Kuntala’s contributions to broadening the understanding of the gender and the social impacts of large-scale, capitalised mining industries have led to efforts in engendering community development by the mining industry.
Another aspect of her work has involved reframing the debates around informal, artisanal and small-scale extractive practices of minerals. She has brought the livelihoods of mineral-dependent communities of the Global South to the forefront of global debates on political ecology and political economy of resource extraction.
Most of her research was on South Asia, but she has led a number of major research projects in Indonesia, Lao PDR and Mongolia.
Kuntala has published on how rivers are ‘imagined’ and how the ungovernable chars (river islands) blur the boundary between land and water.

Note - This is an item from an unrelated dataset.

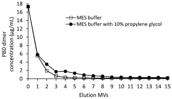The Sartobind® S clearance trend of the linker-PBD using 20 mM MES buffer at pH 6.0 with and without 10% propylene glycol. The linker-PBD concentration from each eluted MVs was quantified with the LC-MS/MS method as described in the Materials and Methods section.

Her research on changing perceptions and practices of water use by the middle class, urban households, and her reflections on feminist methodologies on researching water and gender have charted new ways of thinking about water resources.
In recent years, Kuntala has explored how the agrarian crisis in South Asia is increasingly ‘feminising’ the rural sector, leading to unforeseen consequences in labour and production relations.